Work order |
Taking the data below, please print only the lines from the line holding "NBA名记凯文·奥康纳点评了" to the line holding "['回调abc识别为: 【锯齿型调整浪】 ', '锯齿型:子浪535结构 ⓑ点振幅较小,ⓒ点继续发力远超ⓐ点结束位置']", inclusive, with pictures omitted.

Records |
┌──
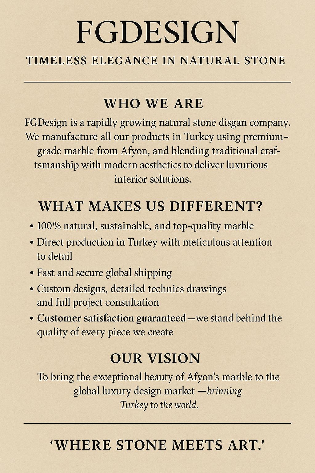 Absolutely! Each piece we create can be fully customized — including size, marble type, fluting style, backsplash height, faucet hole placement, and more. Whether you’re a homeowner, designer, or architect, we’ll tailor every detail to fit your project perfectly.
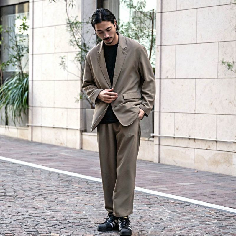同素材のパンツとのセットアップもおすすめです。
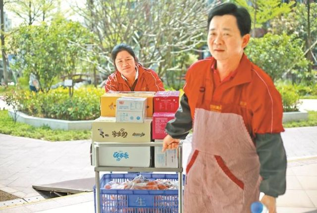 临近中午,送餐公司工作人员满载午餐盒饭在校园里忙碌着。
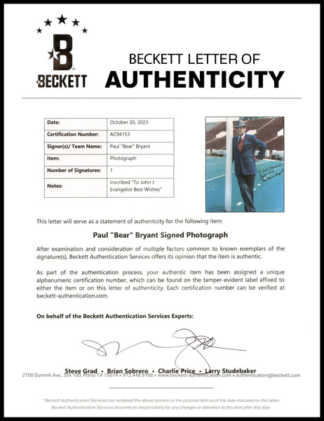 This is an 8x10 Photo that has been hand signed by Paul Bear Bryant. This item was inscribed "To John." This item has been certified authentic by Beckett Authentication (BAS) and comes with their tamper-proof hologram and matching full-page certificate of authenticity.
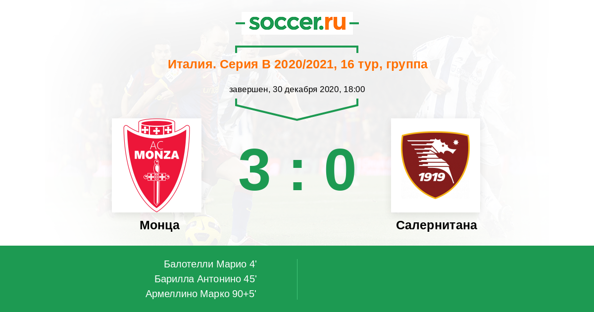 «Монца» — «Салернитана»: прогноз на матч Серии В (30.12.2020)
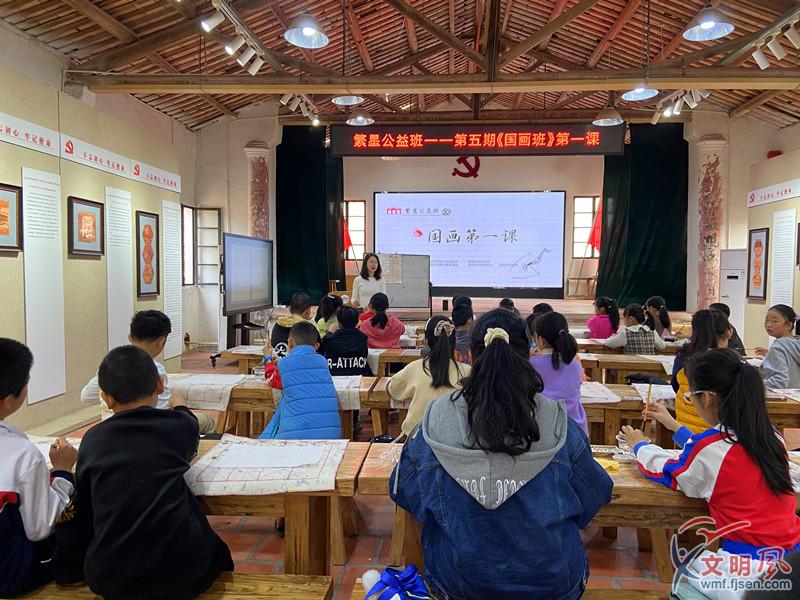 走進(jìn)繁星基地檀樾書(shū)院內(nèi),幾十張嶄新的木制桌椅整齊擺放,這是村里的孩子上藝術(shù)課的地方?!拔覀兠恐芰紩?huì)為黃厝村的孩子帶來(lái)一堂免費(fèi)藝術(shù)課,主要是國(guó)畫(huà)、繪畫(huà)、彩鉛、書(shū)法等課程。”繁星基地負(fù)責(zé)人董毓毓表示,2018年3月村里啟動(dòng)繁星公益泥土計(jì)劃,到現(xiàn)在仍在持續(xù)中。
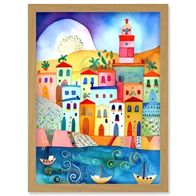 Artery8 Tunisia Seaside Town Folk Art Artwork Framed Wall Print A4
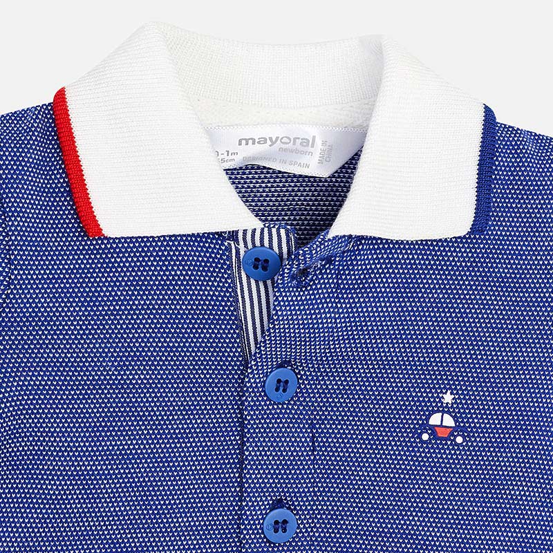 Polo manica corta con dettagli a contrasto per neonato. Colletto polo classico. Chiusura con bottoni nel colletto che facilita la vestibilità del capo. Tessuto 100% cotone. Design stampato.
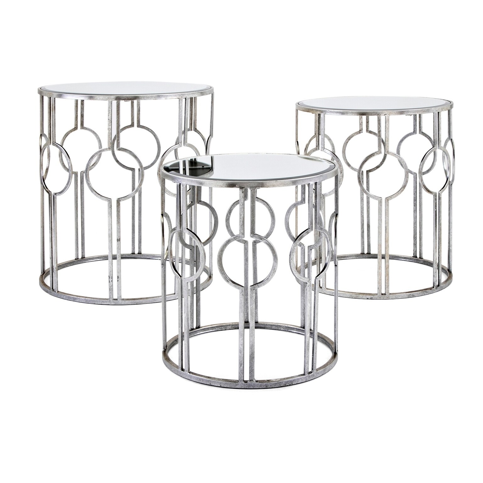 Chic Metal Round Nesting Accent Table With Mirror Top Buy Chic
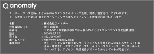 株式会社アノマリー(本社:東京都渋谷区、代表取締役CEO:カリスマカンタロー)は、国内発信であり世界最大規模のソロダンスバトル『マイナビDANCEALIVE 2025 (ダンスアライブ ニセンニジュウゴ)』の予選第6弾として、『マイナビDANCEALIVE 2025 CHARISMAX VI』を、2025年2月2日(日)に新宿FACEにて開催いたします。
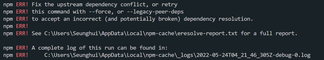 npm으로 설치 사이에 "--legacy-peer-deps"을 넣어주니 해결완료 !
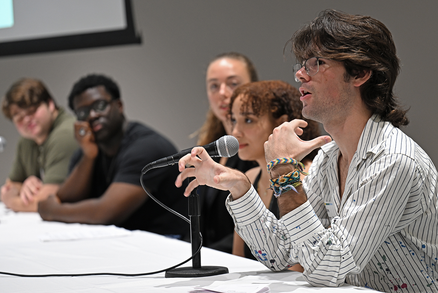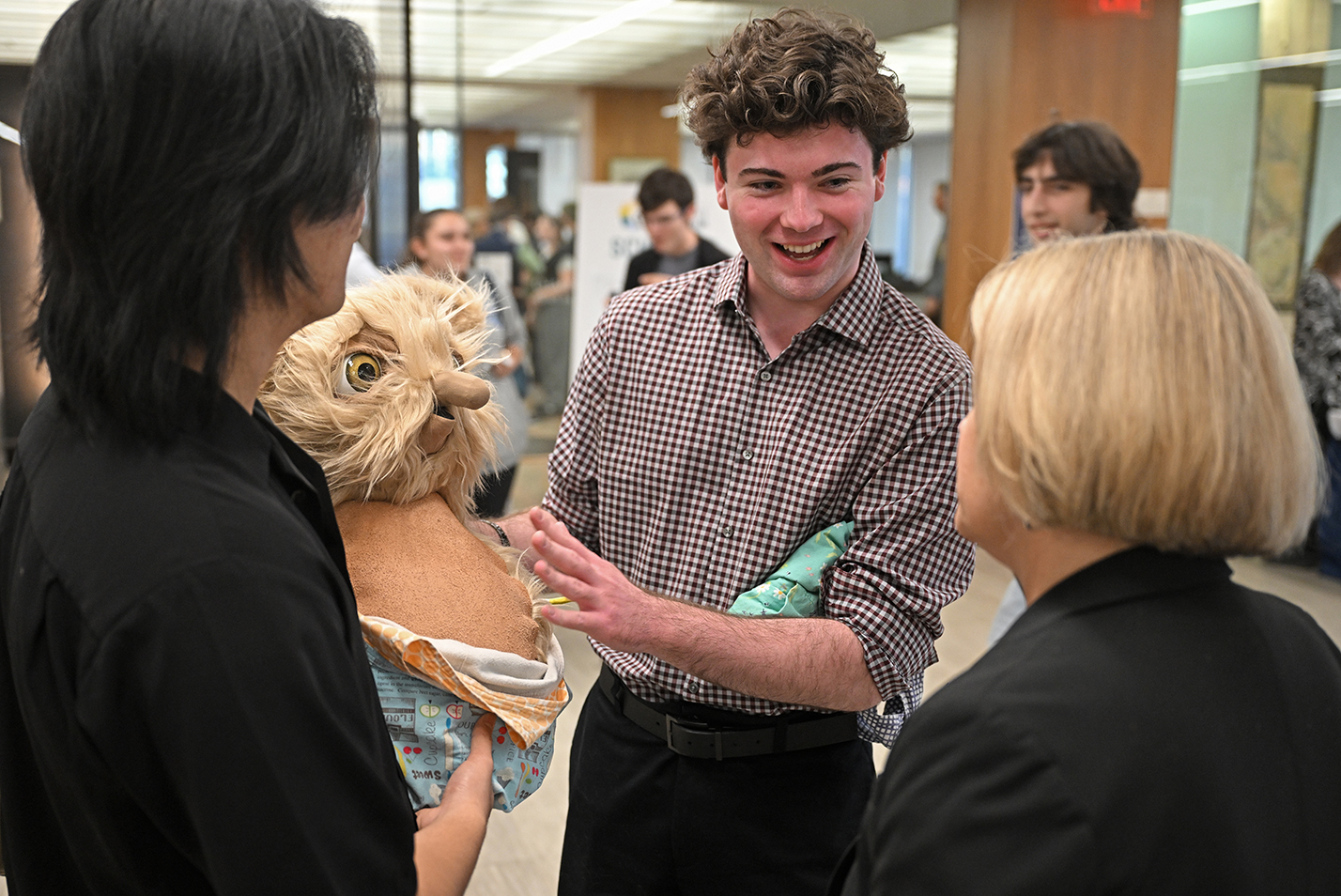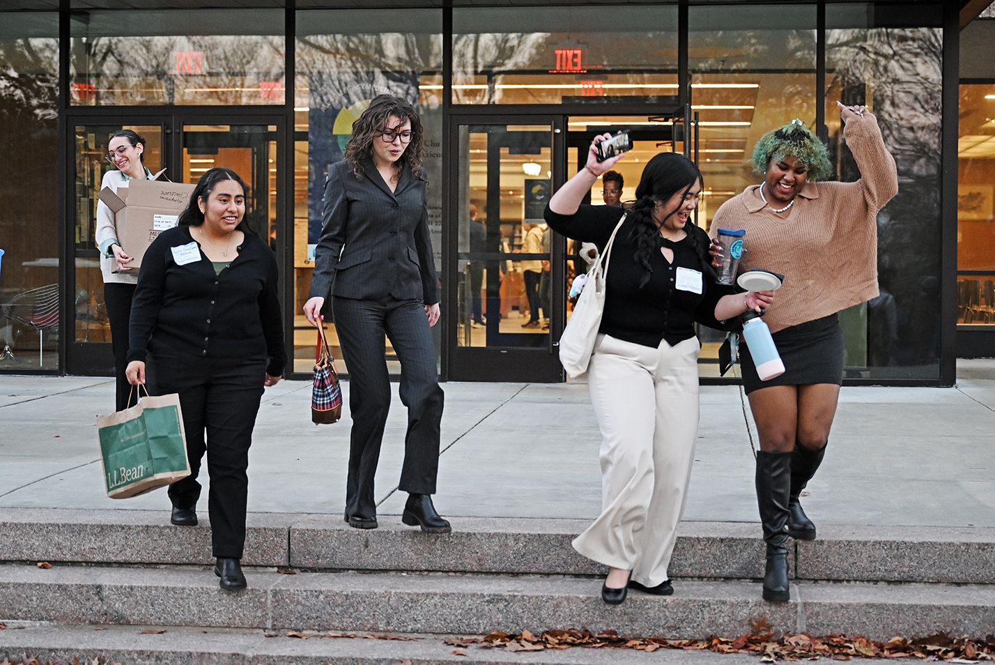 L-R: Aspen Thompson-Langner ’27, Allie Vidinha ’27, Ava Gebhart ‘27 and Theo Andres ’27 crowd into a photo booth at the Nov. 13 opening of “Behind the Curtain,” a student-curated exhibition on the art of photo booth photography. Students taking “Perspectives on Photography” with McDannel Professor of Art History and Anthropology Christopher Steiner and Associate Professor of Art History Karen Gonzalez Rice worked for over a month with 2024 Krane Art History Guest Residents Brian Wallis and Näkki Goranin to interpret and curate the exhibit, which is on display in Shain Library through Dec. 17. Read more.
└──
┌──
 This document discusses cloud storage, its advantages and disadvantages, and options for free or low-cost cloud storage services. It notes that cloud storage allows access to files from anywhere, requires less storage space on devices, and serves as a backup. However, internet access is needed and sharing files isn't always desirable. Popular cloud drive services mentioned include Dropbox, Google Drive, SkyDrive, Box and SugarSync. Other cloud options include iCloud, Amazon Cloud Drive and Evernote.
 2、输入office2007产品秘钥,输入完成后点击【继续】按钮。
└──
┌──
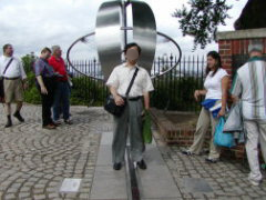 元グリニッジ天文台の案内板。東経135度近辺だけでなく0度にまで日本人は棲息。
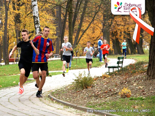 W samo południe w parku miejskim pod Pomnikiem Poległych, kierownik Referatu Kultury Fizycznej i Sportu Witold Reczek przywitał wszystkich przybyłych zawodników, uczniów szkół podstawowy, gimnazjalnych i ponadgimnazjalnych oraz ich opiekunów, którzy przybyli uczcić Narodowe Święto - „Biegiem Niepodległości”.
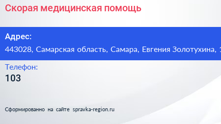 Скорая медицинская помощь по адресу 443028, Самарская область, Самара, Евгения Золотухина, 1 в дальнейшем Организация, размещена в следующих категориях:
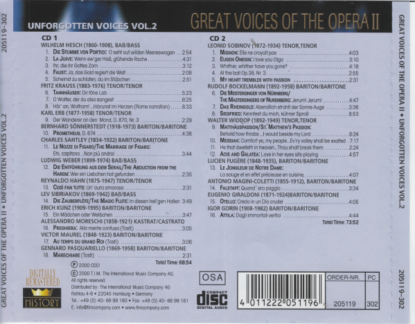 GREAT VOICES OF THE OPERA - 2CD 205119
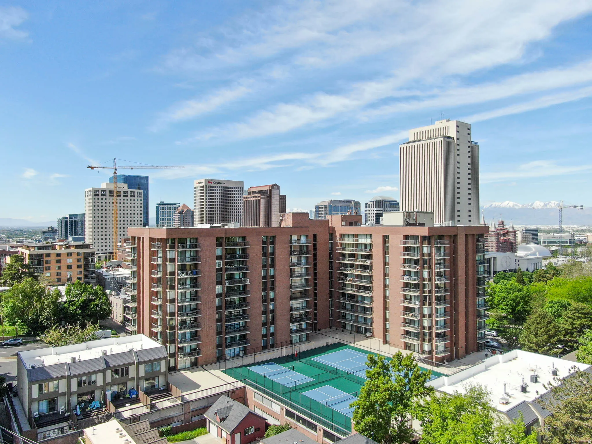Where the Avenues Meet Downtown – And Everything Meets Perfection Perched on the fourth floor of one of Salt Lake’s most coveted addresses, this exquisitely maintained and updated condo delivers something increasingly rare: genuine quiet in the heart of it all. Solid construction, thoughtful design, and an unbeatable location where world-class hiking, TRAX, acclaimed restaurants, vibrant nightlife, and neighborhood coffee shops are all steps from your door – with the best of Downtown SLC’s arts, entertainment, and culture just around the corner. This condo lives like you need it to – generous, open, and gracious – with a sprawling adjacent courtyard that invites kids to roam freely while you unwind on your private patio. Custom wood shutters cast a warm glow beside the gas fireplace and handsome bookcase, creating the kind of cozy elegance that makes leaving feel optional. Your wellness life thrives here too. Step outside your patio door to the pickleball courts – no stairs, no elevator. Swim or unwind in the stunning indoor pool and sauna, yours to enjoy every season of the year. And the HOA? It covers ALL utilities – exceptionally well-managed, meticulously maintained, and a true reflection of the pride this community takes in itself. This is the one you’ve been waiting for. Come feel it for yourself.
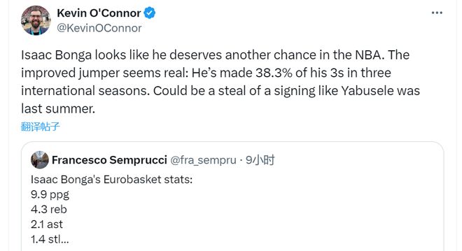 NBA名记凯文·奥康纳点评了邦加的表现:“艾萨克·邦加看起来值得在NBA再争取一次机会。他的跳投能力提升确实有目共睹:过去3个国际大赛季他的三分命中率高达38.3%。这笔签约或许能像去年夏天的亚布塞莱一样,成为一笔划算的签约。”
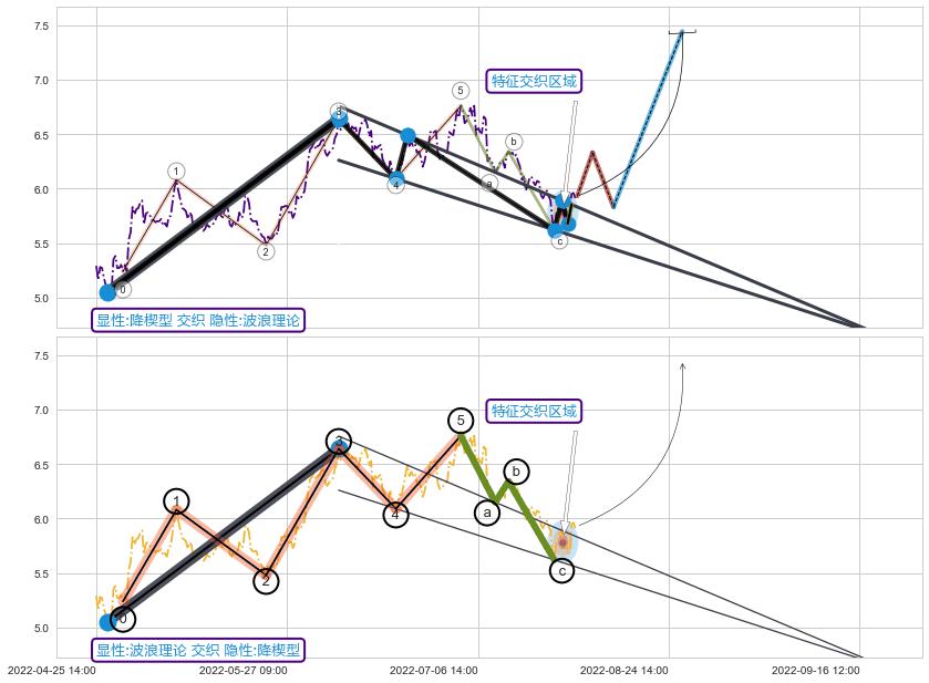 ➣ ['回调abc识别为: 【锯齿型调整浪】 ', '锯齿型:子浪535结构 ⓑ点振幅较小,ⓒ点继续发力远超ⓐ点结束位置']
└──
Exercise solution |
 NBA名记凯文·奥康纳点评了邦加的表现:“艾萨克·邦加看起来值得在NBA再争取一次机会。他的跳投能力提升确实有目共睹:过去3个国际大赛季他的三分命中率高达38.3%。这笔签约或许能像去年夏天的亚布塞莱一样,成为一笔划算的签约。”
 ➣ ['回调abc识别为: 【锯齿型调整浪】 ', '锯齿型:子浪535结构 ⓑ点振幅较小,ⓒ点继续发力远超ⓐ点结束位置']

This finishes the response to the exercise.